El gato tonkinés es una raza fascinante que surge del deseo de combinar las mejores cualidades de dos linajes orientales legendarios: el siamés y el birmano (Burmese). Aunque existen registros de gatos con características similares en el antiguo Reino de Siam bajo el nombre de siameses chocolate, la raza moderna se desarrolló formalmente en la década de 1960 en Canadá y Estados Unidos. Los criadores buscaban un felino que poseyera la elegancia y agudeza del siamés, pero con el cuerpo más robusto y el temperamento ligeramente más moderado del birmano. El resultado fue un animal de una belleza armónica y una personalidad arrolladora que rápidamente se ganó un lugar de honor en las asociaciones felinas internacionales.
Desde el punto de vista genético, el tonkinés es un caso de estudio único. No es simplemente un cruce, sino una raza que manifiesta una dominancia incompleta. Esto significa que cuando se cruzan dos ejemplares tonkineses de patrón mink (el más característico), la camada suele seguir una proporción donde nacen gatitos con patrón siamés, otros con patrón birmano y la mayoría con el deseado patrón mink. Físicamente, es un gato de tamaño mediano, con un cuerpo de tipo semi-foreign que es sorprendentemente pesado y musculoso al tacto. Su pelaje es corto, sedoso y muy pegado al cuerpo, con un brillo que recuerda al de un visón.

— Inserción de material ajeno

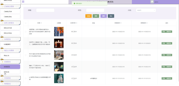 传统手工艺品销售系统中的管理人员在“系统管理”这一菜单下是可以对传统手工艺品销售系统内展示的轮播图进行添加修改的。系统管理界面如下图4-14所示。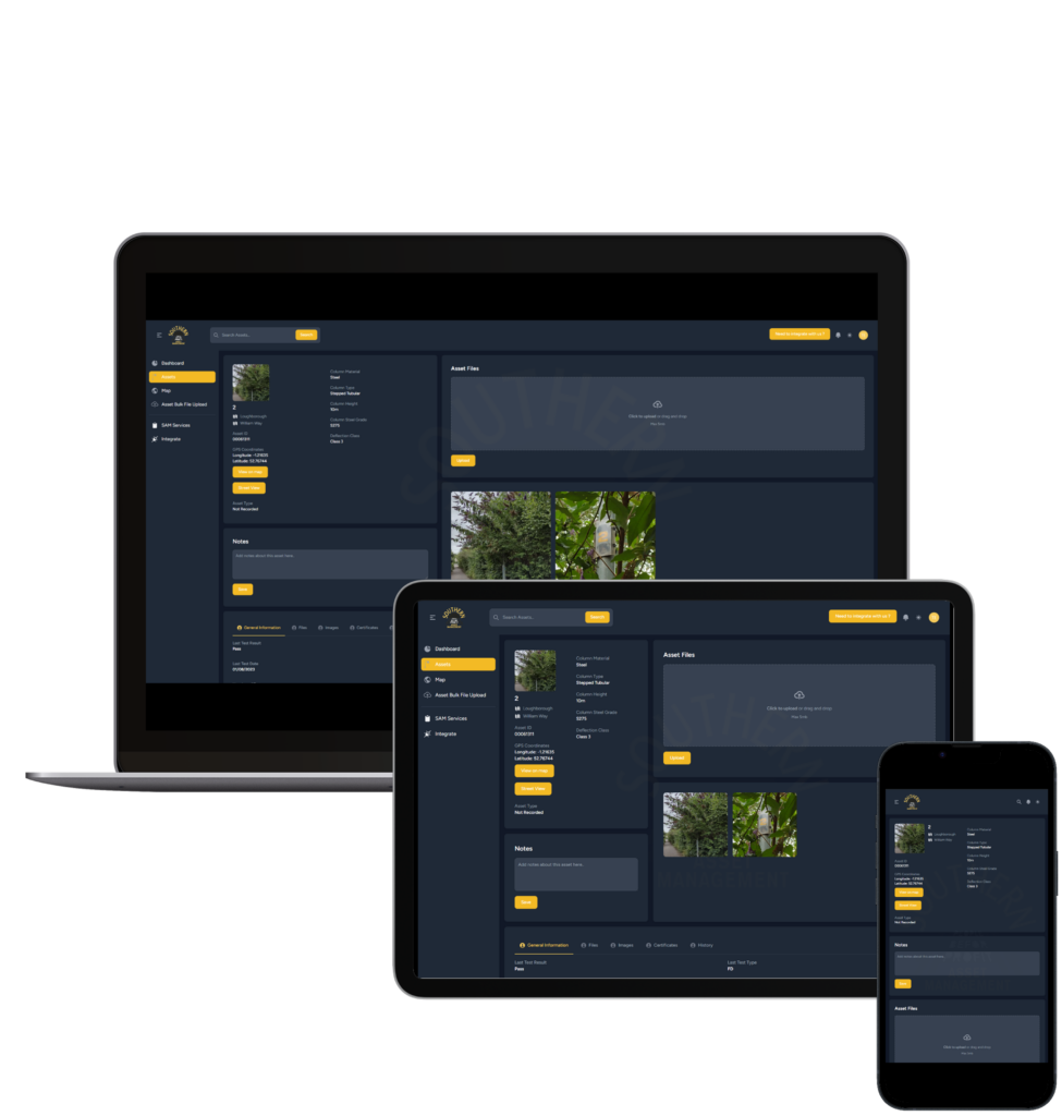 Your assets data will be shown in detail on your asset file. Each asset has a file containing all data we have collected; Images, certifications, testing results and recommendations. You can even upload your own data and notes to these files for your records.

El rasgo más cautivador del tonkinés es, sin duda, el color de sus ojos. Mientras que los siameses tienen ojos azules y los birmanos ojos amarillos o dorados, el tonkinés mink presenta unos ojos de color aguamarina, un tono turquesa profundo y cristalino que no se encuentra en casi ninguna otra raza felina. Su rostro es una cuña modificada con contornos suaves, pómulos altos y orejas de tamaño mediano con puntas ligeramente redondeadas. Los colores del manto varían entre el natural (marrón cálido), azul, champán y platino, siempre con las extremidades más oscuras que el resto del cuerpo, pero con una transición mucho más suave que la del siamés tradicional.
En cuanto a su temperamento, el tonkinés es a menudo descrito como un perro atrapado en el cuerpo de un gato. Es un animal extremadamente social, extrovertido y con una inteligencia superior que le permite aprender trucos, caminar con arnés e incluso jugar a cobrar objetos. A diferencia de otras razas más independientes, el tonkinés exige la atención de sus dueños y suele recibirlos en la puerta con un maullido suave pero conversador. No tolera bien la soledad prolongada, por lo que prospera mucho mejor en hogares donde hay presencia humana constante o donde convive con otros gatos o perros, con quienes suele llevarse de maravilla.
La salud del tonkinés es generalmente robusta, con una esperanza de vida que oscila entre los 12 y 16 años. Sin embargo, al descender del siamés, puede tener cierta predisposición genética a enfermedades como la gingivitis y la amiloidosis hepática. Es fundamental mantener una higiene dental rigurosa desde cachorros para evitar la pérdida prematura de piezas. Su pelaje requiere muy poco mantenimiento, bastando con un cepillado semanal para eliminar el pelo muerto y mantener su brillo natural. Es un compañero ideal para familias activas que buscan un gato presente, afectuoso y con una energía inagotable para el juego y la interacción.
Fuentes citadas:
- The Cat Fanciers’ Association (CFA)
- International Cat Care
- TICA (The International Cat Association)
- Purina
- Experto Animal
- Hill’s Pet Nutrition.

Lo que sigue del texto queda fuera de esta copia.